Saturday, April 23, 2011

Random Jazz

The cat on alto here wailed. Sun came out in the park this afternoon of our reluctant spring. The quartet went into Girl from Ipanema. A woman in the background catches a football. Wonderfully NYC, wonderfully Village. Purely so. Reprieve however temporary eases the mind. A moment in the park, sun in the reluctant spring shining on your face as you sit on the bench and ponder how that same sun shone in this same reluctant spring in this park in this city centuries before and will shine in this same moment centuries from now, and that the very idea of continuum is what makes it distinct. But what makes this bright sun and blue sky in this moment only for you is this music now, the jazz. No one in the band was born here or even born in this hemisphere. English is their second language. Yet, utterly jazz fluent, chops as good as any you’ve heard. You forget about the simple joy of the sun and park and the listening to musicians play a pleasant melody and even how this jazz-centric arrangement transforms the familiar samba.
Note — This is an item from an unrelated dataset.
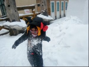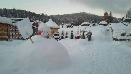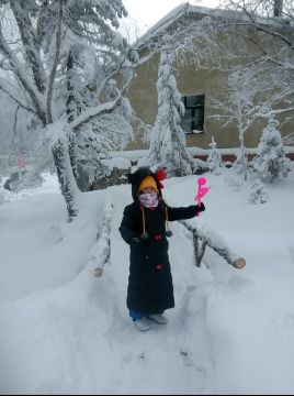 中午的时候穿越凤凰山的叔叔阿姨们回来了,领队叔叔通知我们下一站是雪乡,我们下午就要离开这里了,呜呜呜,不开心啊,好喜欢这个地方啊,白白的雪像大棉被,还有白色的雪蘑菇,好想一直在这里玩呢。

You are thinking only about the sax solo. More feeling than thinking, actually. The sun is still shining, people walk by, she tosses the football back to her companion. The sky remains blue. Your mind is still eased. But that solo pierces through, then strips away everything else until you are aware of only the sound of the saxophone and the joy of anticipation then the joy of surprise when you hear what comes next. You helplessly surrender to your instinct to clap. About an hour – and a few cellphone conversations and non-terminal aggravations – later, you are on line at Starbucks and the original Girl from Ipanema comes through the speakers. The synchronicity makes you smile. You think maybe I should play the lottery. Then you remember the solo, realizing kismet transcends coincidence as everything is stripped away again for another second or two.